In his wake were the 2024 victims of, perhaps, the most pressure-packed, toughest back-to-back golf swings in the sport. There have been plenty before them. Remember in 2016 when Jordan Spieth blew his big lead with a bogey at 11 and a quadruple 7 at 12? How about Greg Norman’s implosion in 1996, when he missed a 3-footer for par on 11 and then dunked his tee shot on 12?

Add Åberg, Homa and Morikawa to the mix. Though they didn’t hold the lead, they weren’t so far behind, clearly in striking distance to challenge Scheffler. But Amen Corner preys on those who those who barely miss, who incorrectly judge, who get too risky or even play too defensive.

From 207 yards away in the middle of the fairway, Åberg aimed to the right edge of 11’s green, well away from the pond guarding its left flank. His goal: Draw the shot into the center-left pin location.

From the gallery, his Swedish mentor, Peter Hanson, watched his pupil’s shot bound into the green’s left bank and splash into the pond.

“Long wait on the fairway. You stand up there and the wind is moving. You wait five or six minutes,” Hanson said afterward. “It was probably the toughest golf shot out there today.”

Today? Prior to the tournament, Keegan Bradley called the approach at 11 “the hardest shot in the world.”

The 11th, playing 520 yards Sunday, ranked as the most difficult hole on the course this week. There were more double bogeys or worse (22) than birdies (17). Twenty-two players found the front-left pond (about six per day).

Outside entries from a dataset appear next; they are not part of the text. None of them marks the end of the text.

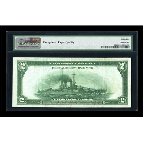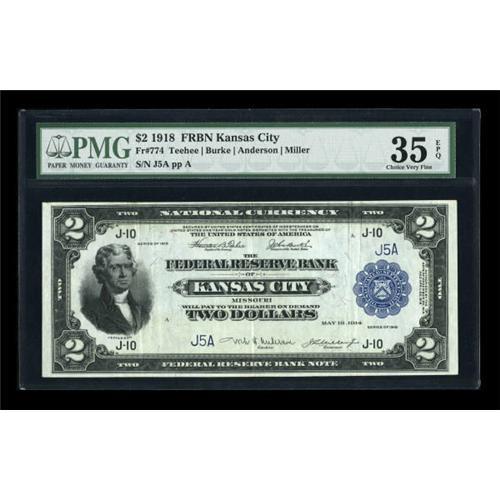 <B>Fr. 774 $2 1918 Federal Reserve Bank Note PMG Choice Very Fine 35 EPQ.</B></I> Plenty of embossing is noticed on this wonderful serial number 5 example. Single digit serial numbers on Battleships are not a common occurrence.<BR><BR><b>Shipping:</b> Coins & Currency (<a target="_blank" href="http://www.heritageauctions.com/common/shipping.php">view shipping information</a>)
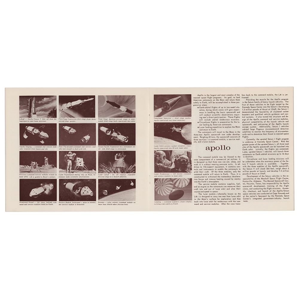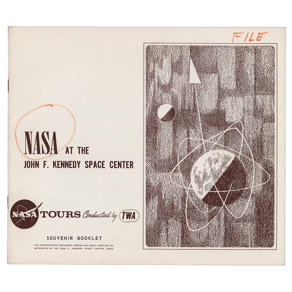 Souvenir booklet entitled "NASA at the John F. Kennedy Space Center," prepared for "NASA Tours Conducted by TWA," 24 pages, 9.25 x 8, providing brief outlines of NASA's launch vehicles, manned space flight programs (Mercury, Gemini, and Apollo), and a description of Launch Complex 39, and a few other related topics. In fine condition, with a "File" notation and red felt tip circle drawn on the front cover.
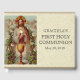 This is a beautiful vintage image of Jesus holding the Eucharist surrounded by cherubs and flowers. A gold chalice is in the foreground.
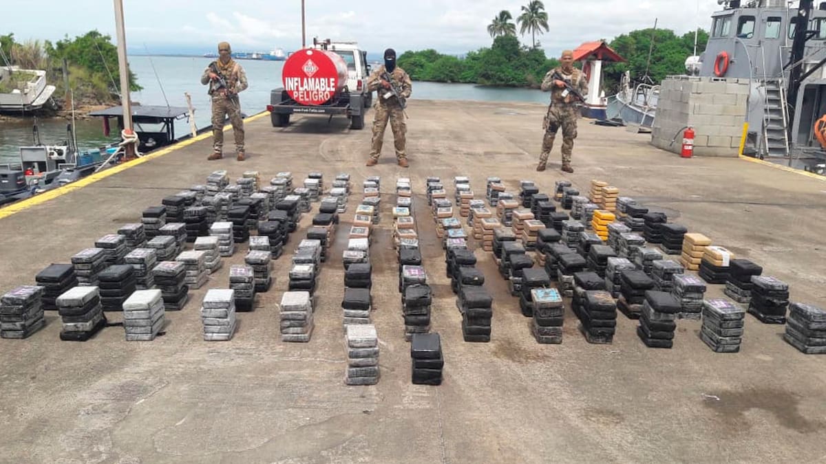 El cargamento de droga, no identificada así como tampoco su peso total, estaba almacenado en 43 bultos dentro de una lancha rápida tripulada por 4 colombianos y un panameño, que fue interceptada por las unidades aeronavales.
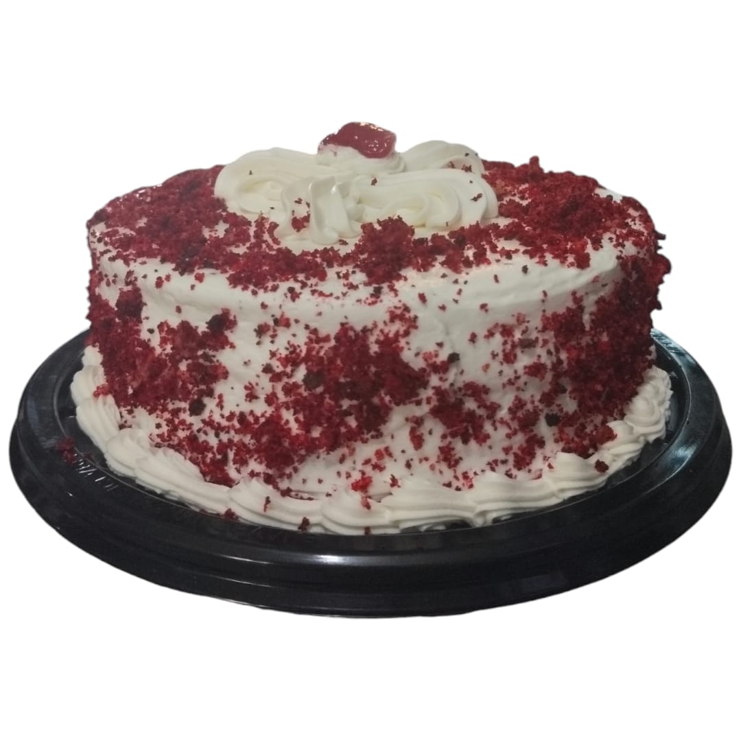 12 Personas, pastel rojo aterciopelado con un toque de cacao y betún de queso crema.

Moments after Åberg’s shot, his playing partner, Homa, flew the 159-yard 12th’s green when he misjudged the wind, he said. His 9-iron shot took one bounce on the back edge of the green and then hopped into a strand of ivy along a steep bank. He needed an unplayable drop, couldn’t get up-and-down and carded a 5 on the shortest hole on the course.

“How’s tomorrow going to feel?” one reporter asked Homa during his post-round news conference.

“I haven’t drank in a really long time. I was planning on (drinking) Sunday after the Masters. So… not so good,” he replied.

On 12, Homa missed his spot by no more than three feet, he said, another reminder of Augusta’s cruel nature. As he approached the unplayable lie — deep in that gnarly stuff on the green’s back bank — he couldn’t help but think, “How is this fair?”

He stepped on the tee just one shot back of Scheffler. He left trailing by three.

“Twelve is hard. It didn’t feel fair,” he said. “I hit a really good shot. The professional answer is, ‘These things happen.’”

Here, on this southern edge of Augusta’s marvelous and beautiful layout, these things do indeed happen.

White Dogwood.

Golden Bell.

Amen Corner.

Beautiful? Calming? Rosy?

Sure.

But also: cruel, devilish and a nightmare.